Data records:
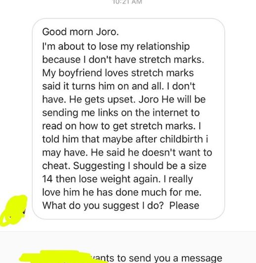 “Good morn Joro. I’m about to lose my relationship because I don’t have a stretch marks. My boyfriend loves stretch mark said it turns him on and all. I don’t have. He gets upset. Joro He will be sending me links on the internet to read on how to get stretch marks. I told him maybe after childbirth I may have. He said he doesn’t want to cheat. Suggesting I should be size 14 then lose weight again. I really love him he has done so much for me. What do you suggest I do? Please.”
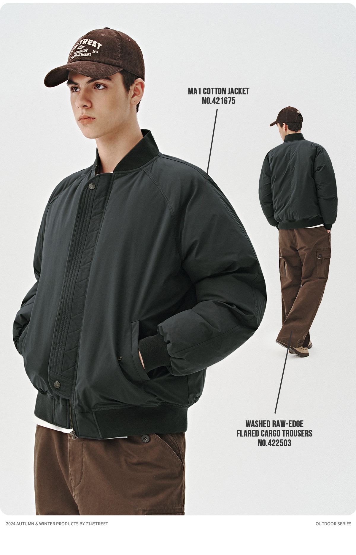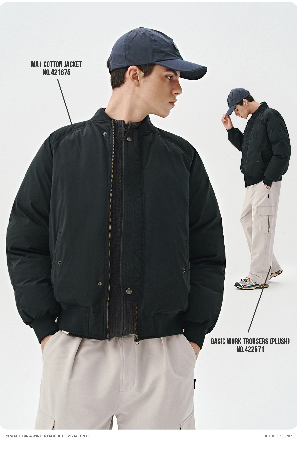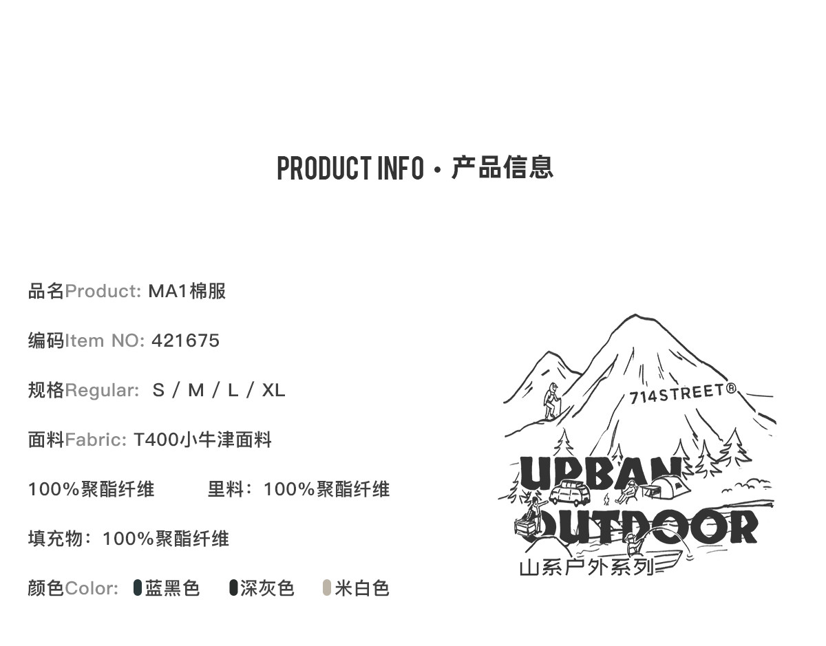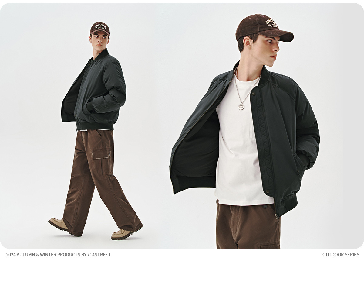 714street美式复古ma1飞行员夹克冬季新款立领棉服宽松短款外套男
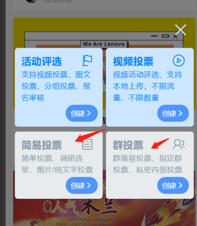 2. 进入小程序首页后,点击小程序下面的创建投票,根据需要选择不同的投票的类型。活动评选、视频投票适合公开大型的比赛评选活动,简单投票适合简单的调研选举,群投票适合不公开的投票。按需选择就可以了。一般来说如果是微信群投票不公开的,选择群投票就可以了。
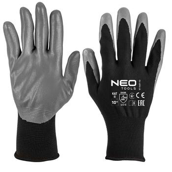 Рукавички робочі Neo Tools комплект 12шт, поліестер з нітриловим покриттям, р.11, сіро-чорний
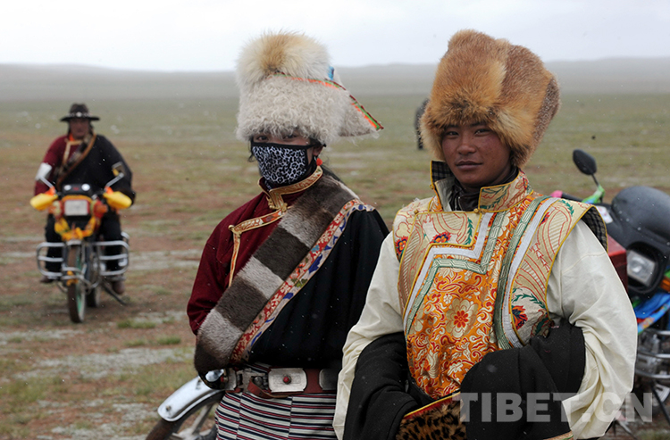 這是兩位青年牧民著盛裝參加雙湖縣的“撤區(qū)建縣”慶?;顒?dòng)(唐召明2013年7月26日攝)

Instructions to follow: You need to restate all of the entries above exactly and leave the pictures behind.

Answer space:
 “Good morn Joro. I’m about to lose my relationship because I don’t have a stretch marks. My boyfriend loves stretch mark said it turns him on and all. I don’t have. He gets upset. Joro He will be sending me links on the internet to read on how to get stretch marks. I told him maybe after childbirth I may have. He said he doesn’t want to cheat. Suggesting I should be size 14 then lose weight again. I really love him he has done so much for me. What do you suggest I do? Please.”
 714street美式复古ma1飞行员夹克冬季新款立领棉服宽松短款外套男
 2. 进入小程序首页后,点击小程序下面的创建投票,根据需要选择不同的投票的类型。活动评选、视频投票适合公开大型的比赛评选活动,简单投票适合简单的调研选举,群投票适合不公开的投票。按需选择就可以了。一般来说如果是微信群投票不公开的,选择群投票就可以了。
 Рукавички робочі Neo Tools комплект 12шт, поліестер з нітриловим покриттям, р.11, сіро-чорний
 這是兩位青年牧民著盛裝參加雙湖縣的“撤區(qū)建縣”慶?;顒?dòng)(唐召明2013年7月26日攝)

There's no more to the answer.